**Dataset**
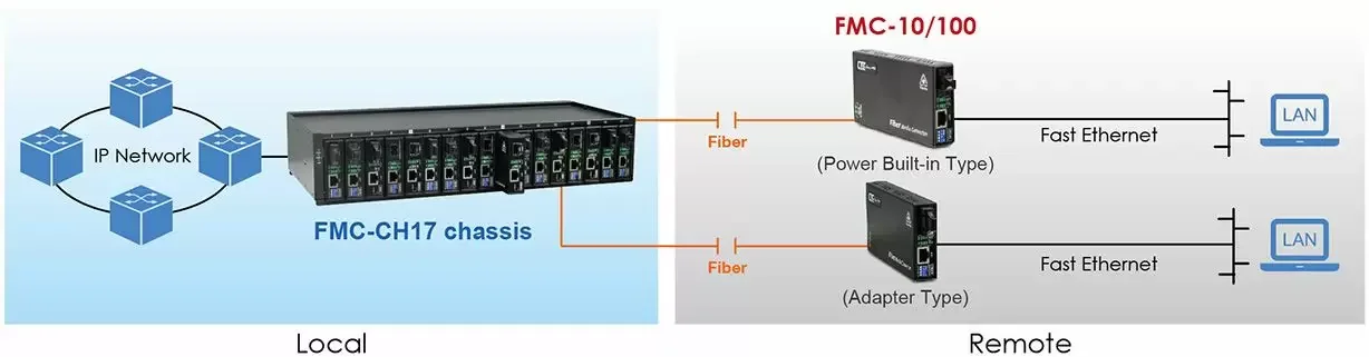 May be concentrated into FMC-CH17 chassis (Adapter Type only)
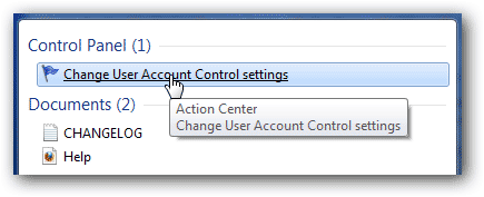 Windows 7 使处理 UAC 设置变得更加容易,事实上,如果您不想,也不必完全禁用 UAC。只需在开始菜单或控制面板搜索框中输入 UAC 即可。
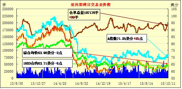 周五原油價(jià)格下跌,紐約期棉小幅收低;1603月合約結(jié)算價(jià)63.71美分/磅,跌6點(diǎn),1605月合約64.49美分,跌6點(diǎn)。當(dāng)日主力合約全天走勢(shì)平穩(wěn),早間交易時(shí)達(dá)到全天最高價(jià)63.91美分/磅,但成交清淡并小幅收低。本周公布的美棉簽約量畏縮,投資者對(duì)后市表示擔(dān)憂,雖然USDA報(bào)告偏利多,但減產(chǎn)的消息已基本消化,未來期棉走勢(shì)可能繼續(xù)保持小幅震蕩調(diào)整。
...
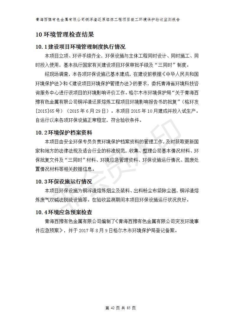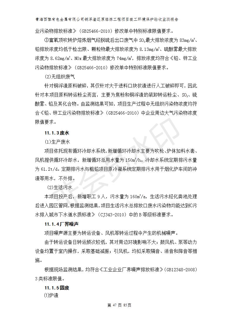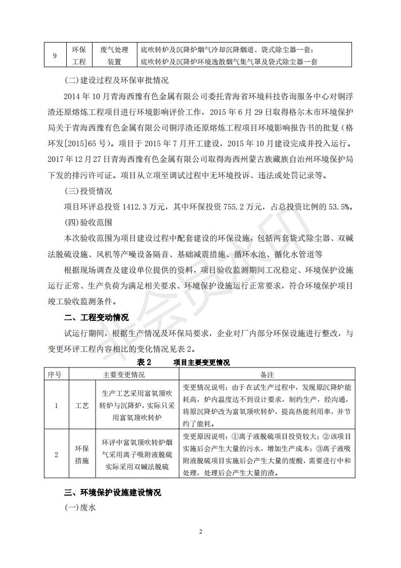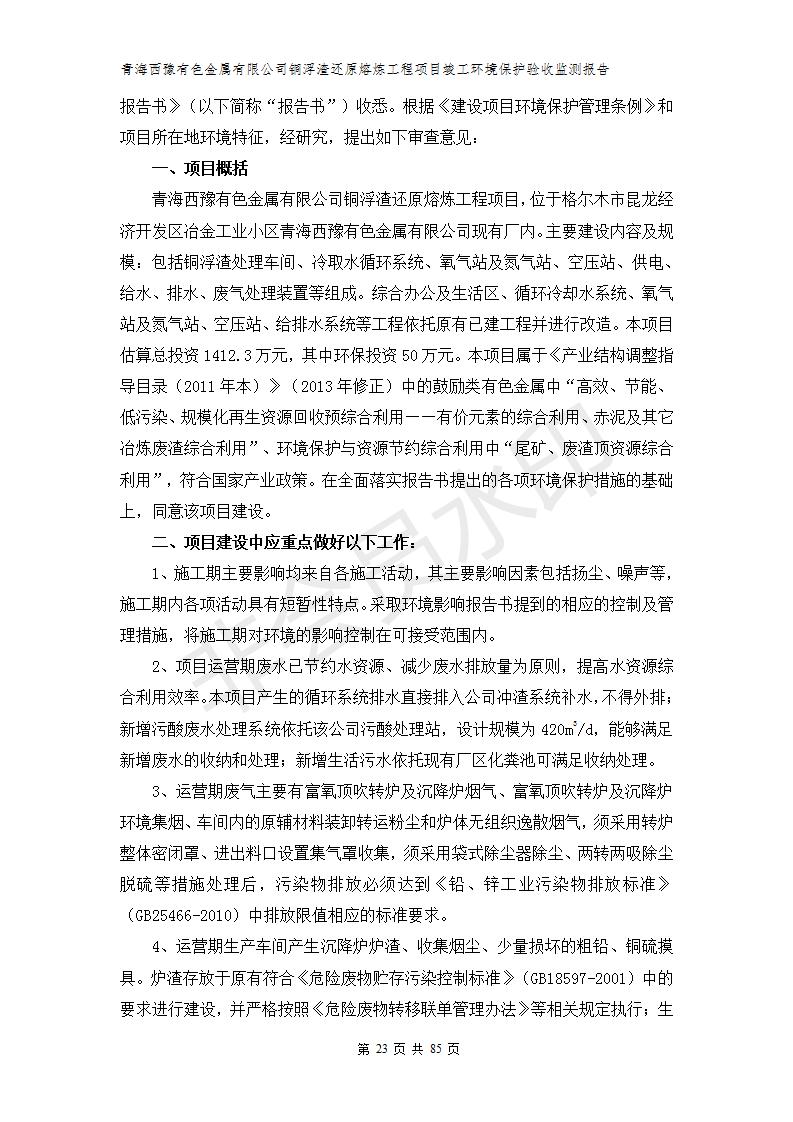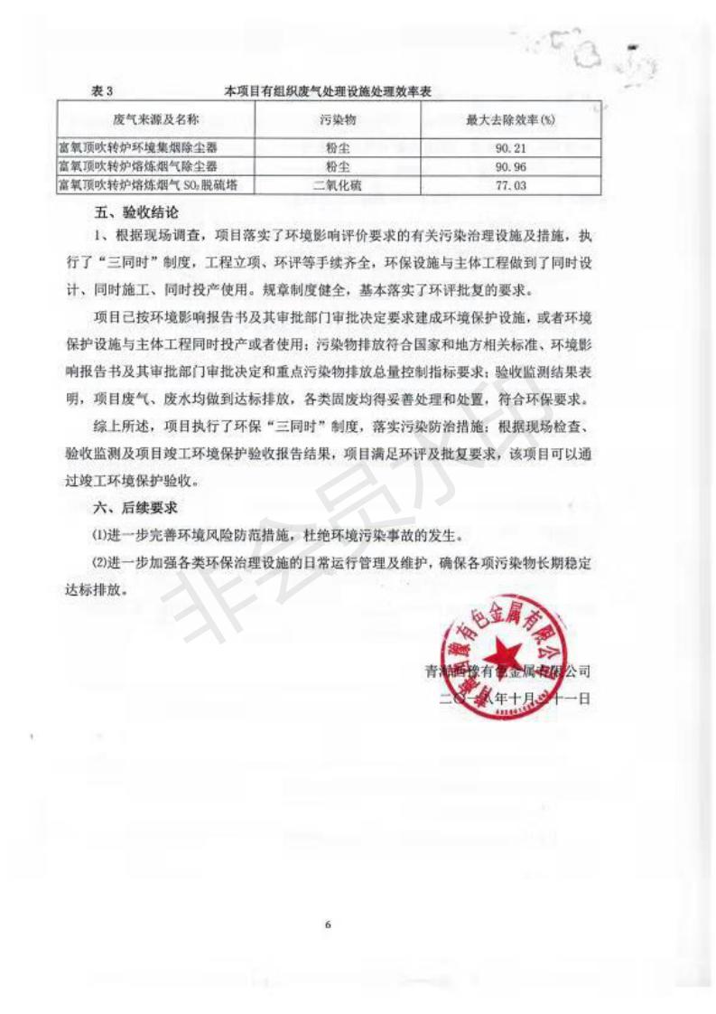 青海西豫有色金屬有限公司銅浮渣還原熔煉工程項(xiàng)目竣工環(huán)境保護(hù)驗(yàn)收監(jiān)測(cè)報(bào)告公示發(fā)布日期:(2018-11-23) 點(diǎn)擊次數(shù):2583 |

**Task requirements**
Reproduce the listing above exactly from the line containing "Windows 7 使处理" up to and including the line containing "周五原油價(jià)格下跌,紐約期棉小幅", omitting any images and everything outside those lines.

**Written answer**
 Windows 7 使处理 UAC 设置变得更加容易,事实上,如果您不想,也不必完全禁用 UAC。只需在开始菜单或控制面板搜索框中输入 UAC 即可。
 周五原油價(jià)格下跌,紐約期棉小幅收低;1603月合約結(jié)算價(jià)63.71美分/磅,跌6點(diǎn),1605月合約64.49美分,跌6點(diǎn)。當(dāng)日主力合約全天走勢(shì)平穩(wěn),早間交易時(shí)達(dá)到全天最高價(jià)63.91美分/磅,但成交清淡并小幅收低。本周公布的美棉簽約量畏縮,投資者對(duì)后市表示擔(dān)憂,雖然USDA報(bào)告偏利多,但減產(chǎn)的消息已基本消化,未來期棉走勢(shì)可能繼續(xù)保持小幅震蕩調(diào)整。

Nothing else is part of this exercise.